There are two parts to a GO annotation: first, the association between a gene product and GO term; and second, the source and evidence used to make the association.

Each GO term represents an activity, process, or location in the cell of a gene product, and has a name (called the GO term name), a numerical identifier (called the GO ID), and a text definition. The first part of the annotation involves selecting GO term (see choosing the correct GO term).

Choosing the correct GO term (general)

When using GO terms -- or terms from any ontology -- always pay careful attention to the term definitions. They are usually more detailed, and often more informative, than the term names alone. For each annotation, ensure that the definition of the selected term accurately describes the experiment you are trying to capture, and that the results shown in the paper fit all parts of the term definition.

To find a GO term, type text into the search box. When suggestions from the autocomplete feature appear, choose one and proceed. If your initial search does not find any suitable terms, try again with a broader term (some examples are provided in the specific sections below). Selecting a term takes you to a page where you can read the definition to confirm that it is applicable. More specific "child" terms will be shown (where available), and you can select one of these more specific terms in an iterative process. GO terms are organised in a hierarchical structure, and GO annotations should be as specific as possible to describe the data from your experiment. (More information on GO organisation is available on the GO web site.)
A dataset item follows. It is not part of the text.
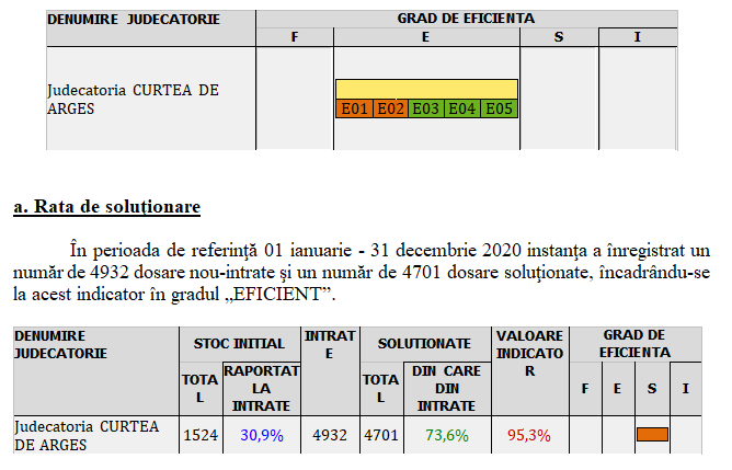 În consecinţă, la acest indicator, Judecătoria Curtea de Argeş s-a încadrat în gradul „FOARTE EFICIENT”.

See the "Specific branches of GO" sections below for more advice on choosing terms from each ontology aspect (cellular component, biological process, molecular function).

You will have the opportunity to request a new term if the most specific term available does not describe your gene product adequately.

Choosing the Evidence code

After selecting a GO term, you must choose the evidence code that best describes your experiment.

Data supporting the evidence

"With" field: IGI or IPI evidence requires that you indicate the interacting gene product. Choose the appropriate gene from the list you initially entered (or add genes to the list if necessary).

Editing, deleting and duplicating GO annotations

Edit: If you want to make changes to an annotation you have made, use the "Edit" link next to the annotation in the table. In the pop-up edit the appropriate fields, then click "OK".

GO editing interface

Delete: The "Delete" link will ask you to confirm that you want to remove an annotation, and then delete it.

Copy and edit: The "Copy and edit" link in the table on a gene page allows you to make another annotation to the same gene. For example, you may want to indicate that genetic interactions with two different genes both support annotation to the same GO term. The interface works the same way as for editing an annotation, except that a new annotation is created, and the old annotation is retained without changes.

On the paper summary page, the "Copy and edit" link adds one more feature: the annotation can be transferred, with or without other changes, to any other gene in the gene list, by changing the top pulldown:

GO duplication on summary page

The "quick add" links available in advanced mode open the editing pop-up without any data entered or selected.

Annotation extensions

You can add annotation extensions to provide additional specificity for GO annotations. (See the PomBase documentation (and linked GO documentation) for more information on annotation extensions.) After you have selected an ontology term and evidence, the Canto interface will display any available extension types. Click the link to choose an extension type and bring up a pop-up in which you specify the required details for the extension. For example, an annotation to "protein kinase activity" can have any of these extensions:

GO annotation extension options

More details on annotation extension options are available in the sections below on specific branches of GO.

If more than one type is offered, you can add one of each type, but if you add them at the same time they will be interpreted as going together to form a compound annotation in which all of the parts apply at once. To create independent annotations (i.e. where one or another may apply, but not necessarily all at once), finish the annotation with one extension (or set of extensions), and then use the "Copy and edit" feature to create another annotation where you can edit the extension(s).

In all cases, the actual relation name used by the database will appear when you have finished the annotation plus extensions.

When you edit or duplicate an annotation, extensions can also be added, amended or deleted. An "Edit" button in the pop-up launches the annotation extension addition steps.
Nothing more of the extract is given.